Топографически к Куль-Обе очень близок курган Патиниоти (Де Сансе. 1889. С. 78 сл.; Ростовцев. 1925. С. 386 сл.; Яковенко. 1974. С. 65). Гераклейская амфора с клеймом, происходящая из этого комплекса, позволила И. Б. Брашинскому датировать курган временем около середины IV в. до н. э. ( 1965а. С. 105). Высказанная точка зрения о том, что курган Патиниоти относится к III в. до н. э. (Масленников. 1981. С. 82), явно ошибочна.

Позднее погребение в кургане с уступчатым склепом у с. Баксы принадлежит воину с сопровождающими его тремя захоронениями коней. По всей видимости, оно относится ко второй половине IV в. до н. э. (Gajdukevic. 1971. S. 278).

Среди комплексов некрополя Юз-Оба прежде всего отметим курган на землях мирзы Кекуватского (ДБК. C. IV, XIX; Ростовцев. 1925. С. 192 сл.; Артамонов. 1966. С. 66). По находкам расписной пелики и остродонной амфоры он датируется серединой IV в. до н. э. (Яковенко. 1974. С. 65).

Второй Змеиный курган (ОАК. 1882-1888. C. CCXIV; ОАК. 1889. С. 11 сл.) замыкает на западе цепь курганов Юз-Обы.
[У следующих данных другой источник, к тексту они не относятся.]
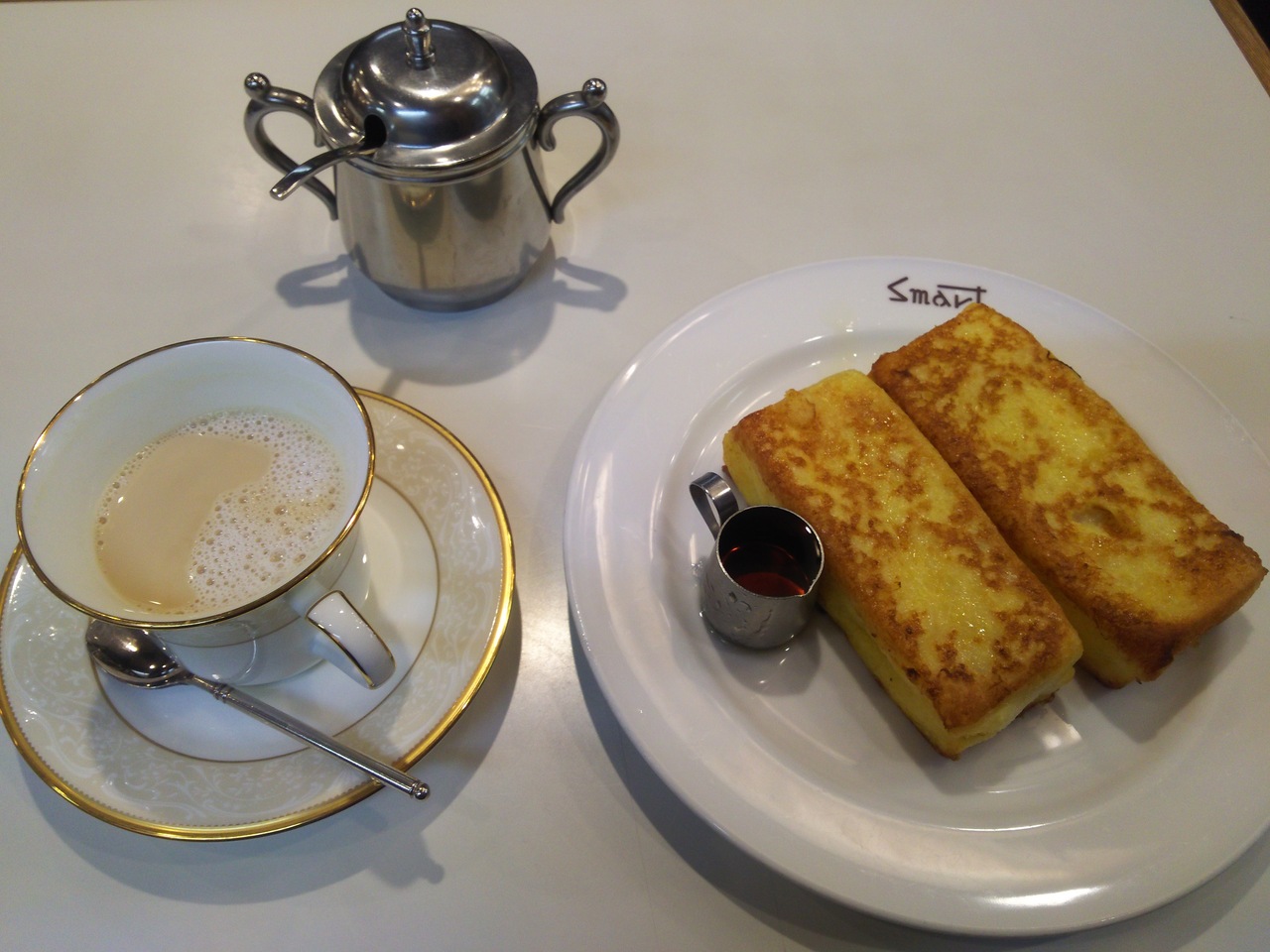 知人オススメのフレンチトーストと、カフェオレを注文。

В его насыпи была найдена расписная ваза Ксенофанта, относящаяся к началу IV в. до н. э. (Передольская. 1945. С. 54). На основании этой находки курган обычно датируют IV в. до н. э. (Цветаева. 1957. С. 240; Яковенко. 1974. С. 66).

Еще раз подчеркнем, что все перечисленные памятники давно и, в общем, хорошо известны. Разумеется, число курганов с варварскими чертами обряда было гораздо большим, многие из них просто не сохранились. По

272

подсчетам Г. А. Цветаевой, те или иные черты местного обряда прослеживаются в 1/4 всех курганных комплексов некрополя Пантикапея рассматриваемого времени (Цветаева. 1957. С. 243). Но отдельные черты, разумеется, не могут говорить о варварской принадлежности погребенного, правда, следует оговориться, что нельзя оценивать однозначно все признаки погребения. В их иерархии, безусловно, существуют такие, которые занимают ведущее место и одним фактом своего присутствия довольно рельефно обозначают этнокультурную специфику памятника.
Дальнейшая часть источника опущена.